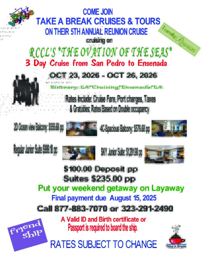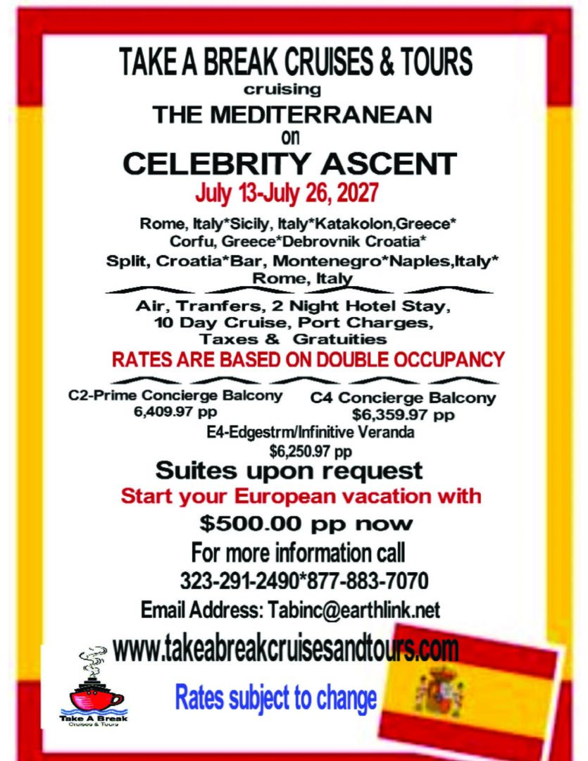 After studying travel at West Los Angeles City College under Dr. Mark Mancini, In 1998 Take A Break Cruises & Tours was born.
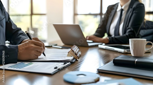 Business People in a Meeting Room with Laptops and Documents: Focus on Woman's Hand Writing Notes on Paper. Business Concept for Project Planning or Real Estate with Home Model, 8K Photorealistic, Cin
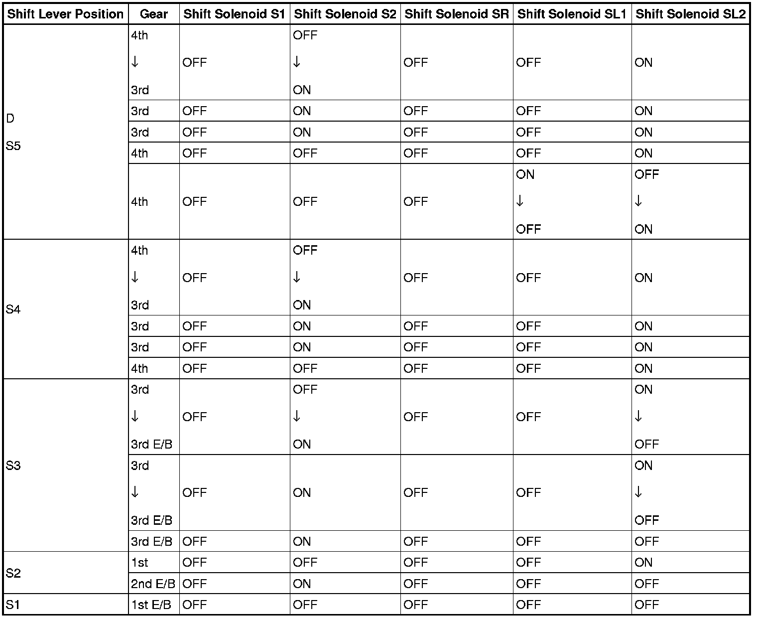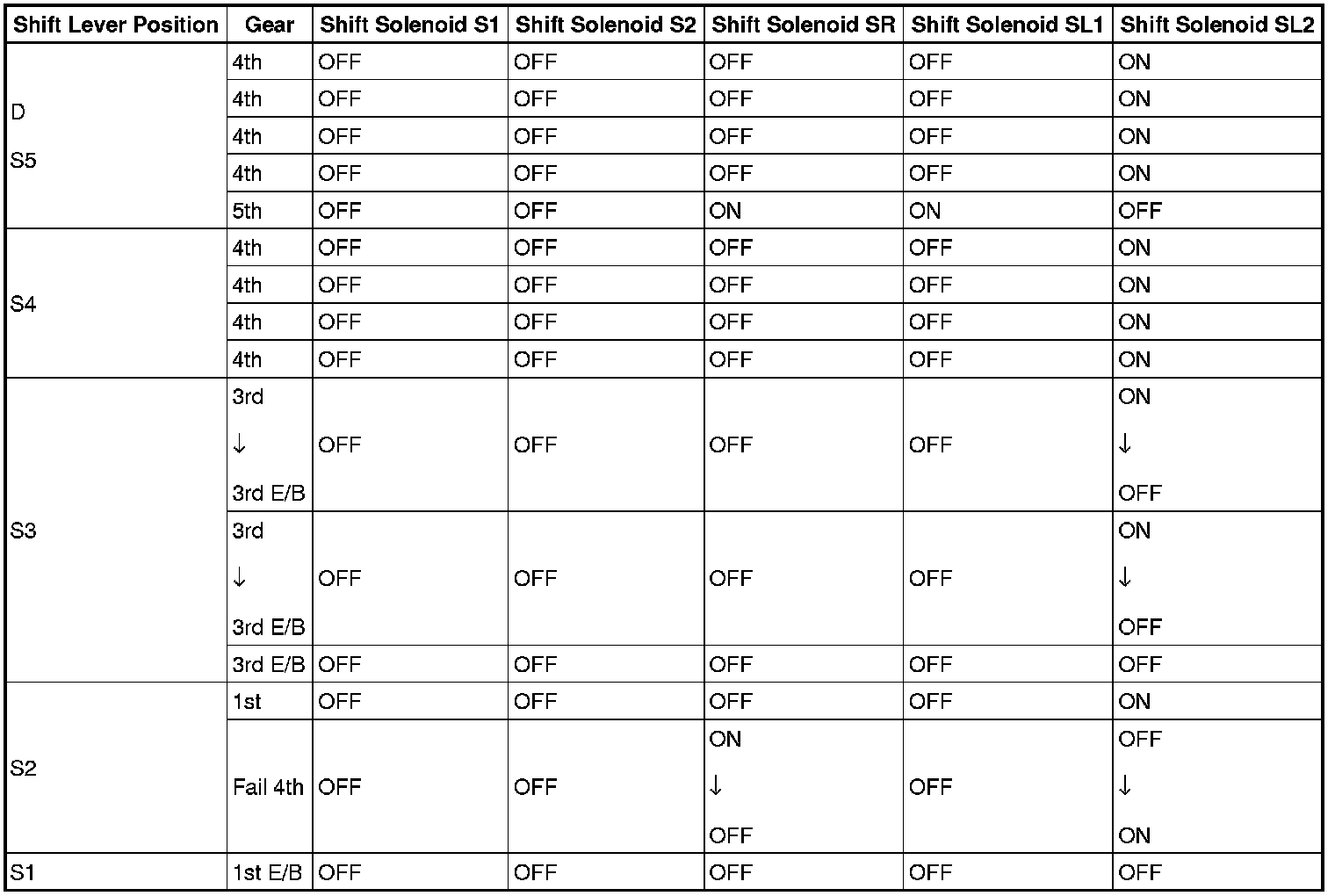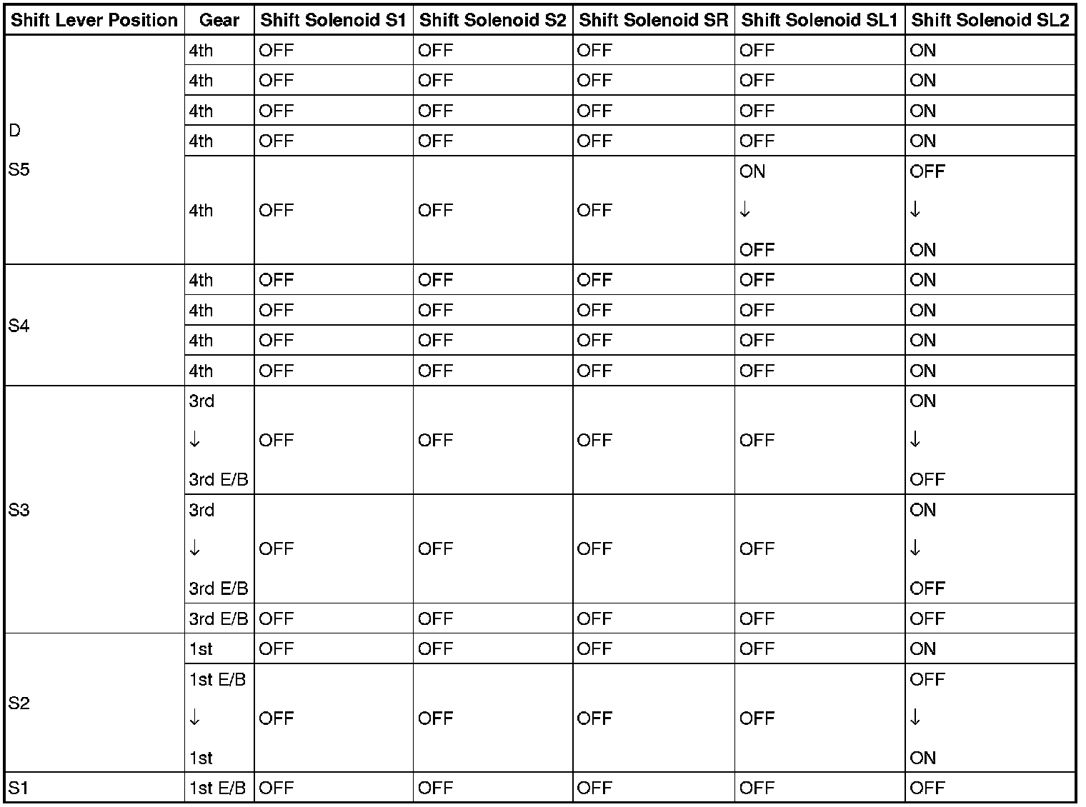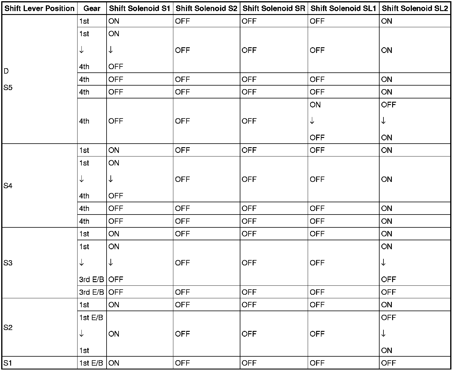 Shift Solenoid Valve Normal Operation Chart

(WORK TO BE COMPLETED): Leave out the pictures and copy the rest of the material above exactly.

(REPLY TO THE TASK):
 After studying travel at West Los Angeles City College under Dr. Mark Mancini, In 1998 Take A Break Cruises & Tours was born.
 Business People in a Meeting Room with Laptops and Documents: Focus on Woman's Hand Writing Notes on Paper. Business Concept for Project Planning or Real Estate with Home Model, 8K Photorealistic, Cin
 Shift Solenoid Valve Normal Operation Chart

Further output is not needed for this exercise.